# [DIRECTIONS]
Using the material below, print a verbatim copy of every line from the one containing "- Yeux : Poupée" through the one containing "Personalized Wedding Garter: Custom", inclusive, and omit the pictures.

# [THE DATA]

Content starts

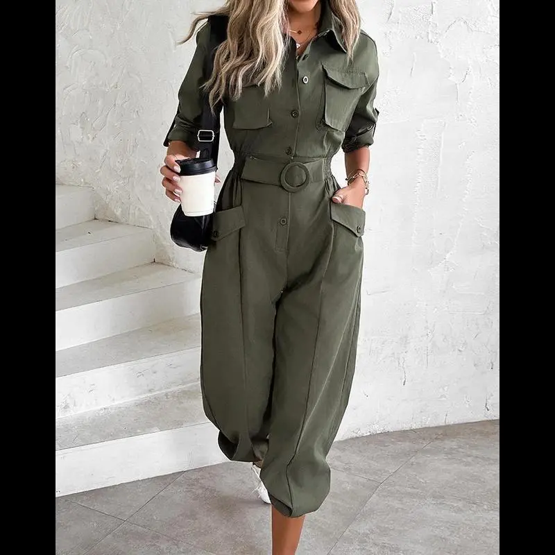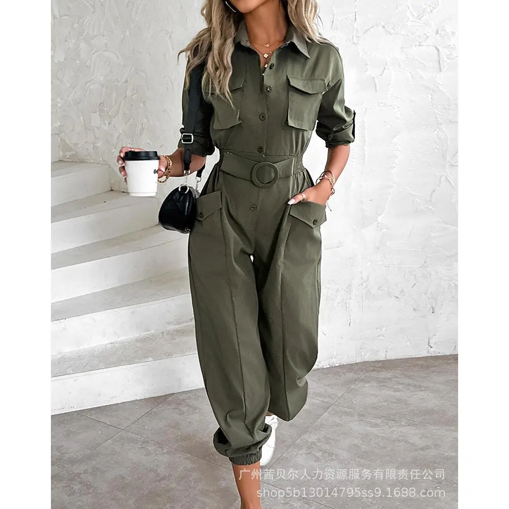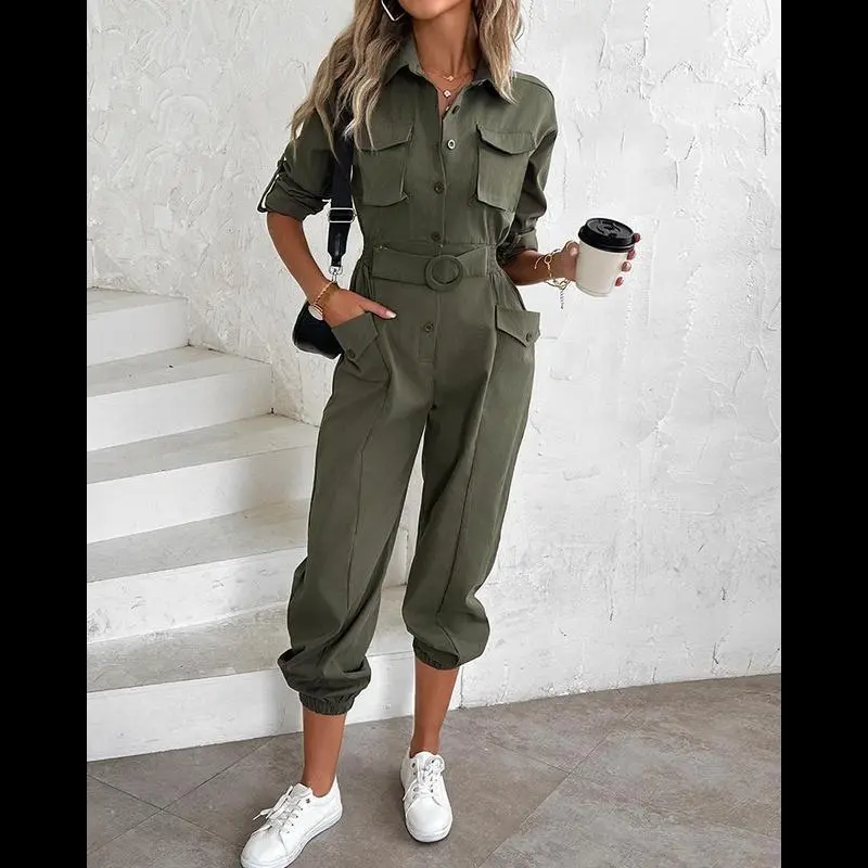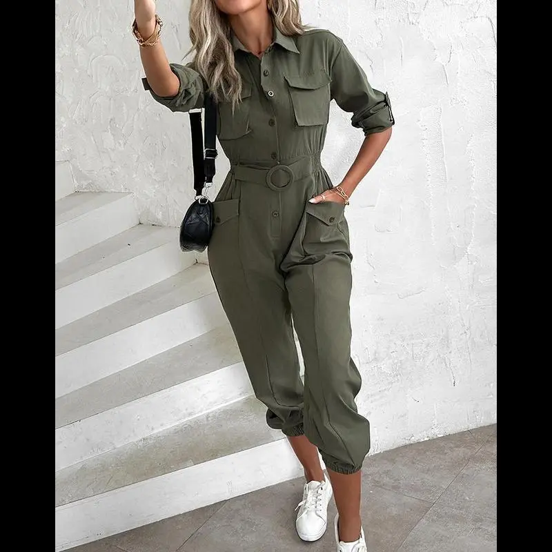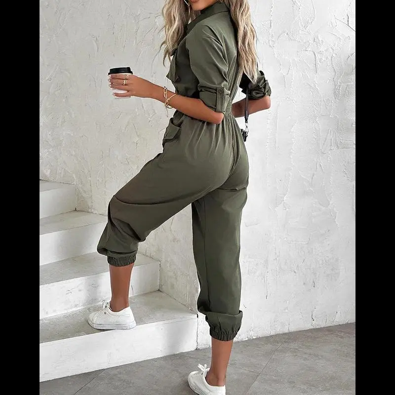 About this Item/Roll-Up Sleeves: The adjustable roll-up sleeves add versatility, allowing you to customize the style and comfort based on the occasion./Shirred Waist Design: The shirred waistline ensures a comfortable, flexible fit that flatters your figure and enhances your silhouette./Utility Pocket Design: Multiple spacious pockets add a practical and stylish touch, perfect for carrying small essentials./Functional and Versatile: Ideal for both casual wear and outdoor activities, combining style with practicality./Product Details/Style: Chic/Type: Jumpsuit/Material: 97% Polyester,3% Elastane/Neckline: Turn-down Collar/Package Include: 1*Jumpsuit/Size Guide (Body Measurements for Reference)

Content ends
Content starts

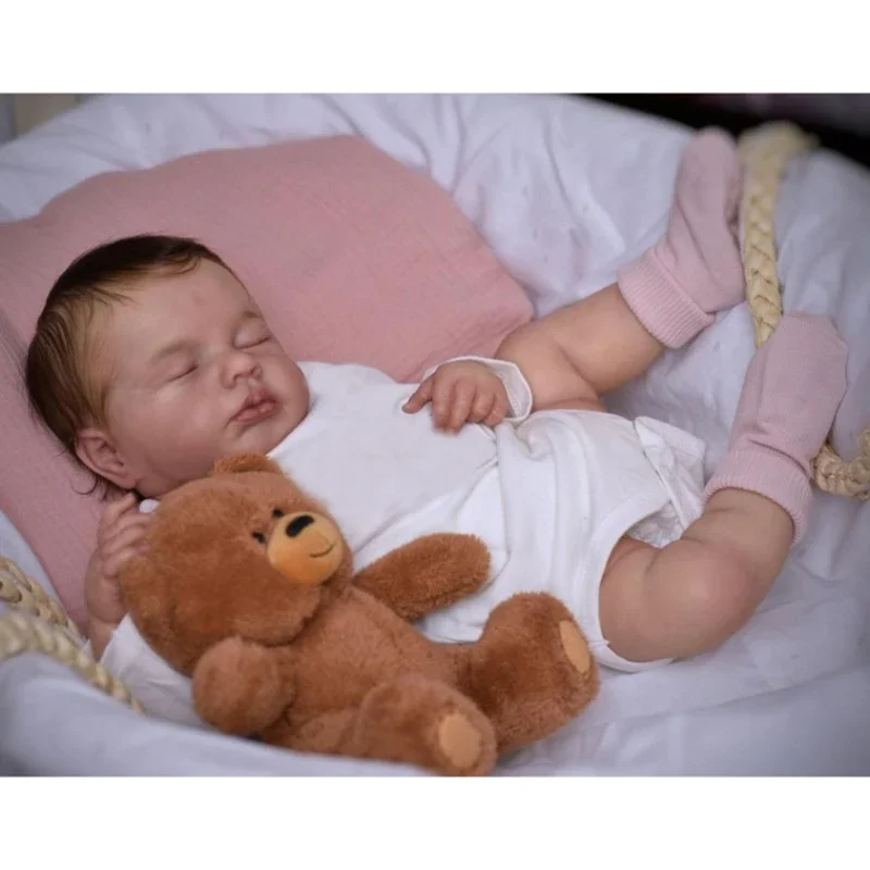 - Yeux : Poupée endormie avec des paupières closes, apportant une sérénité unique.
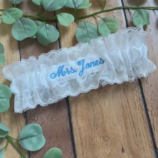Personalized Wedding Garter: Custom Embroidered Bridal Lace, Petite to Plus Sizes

Content ends
Content starts

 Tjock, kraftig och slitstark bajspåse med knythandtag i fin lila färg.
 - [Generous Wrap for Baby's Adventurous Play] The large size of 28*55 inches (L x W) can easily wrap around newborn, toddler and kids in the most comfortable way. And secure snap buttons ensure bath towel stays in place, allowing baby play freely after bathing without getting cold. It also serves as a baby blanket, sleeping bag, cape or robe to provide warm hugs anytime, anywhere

Content ends

# [RESULT OF THIS EXERCISE]
 - Yeux : Poupée endormie avec des paupières closes, apportant une sérénité unique.
Personalized Wedding Garter: Custom Embroidered Bridal Lace, Petite to Plus Sizes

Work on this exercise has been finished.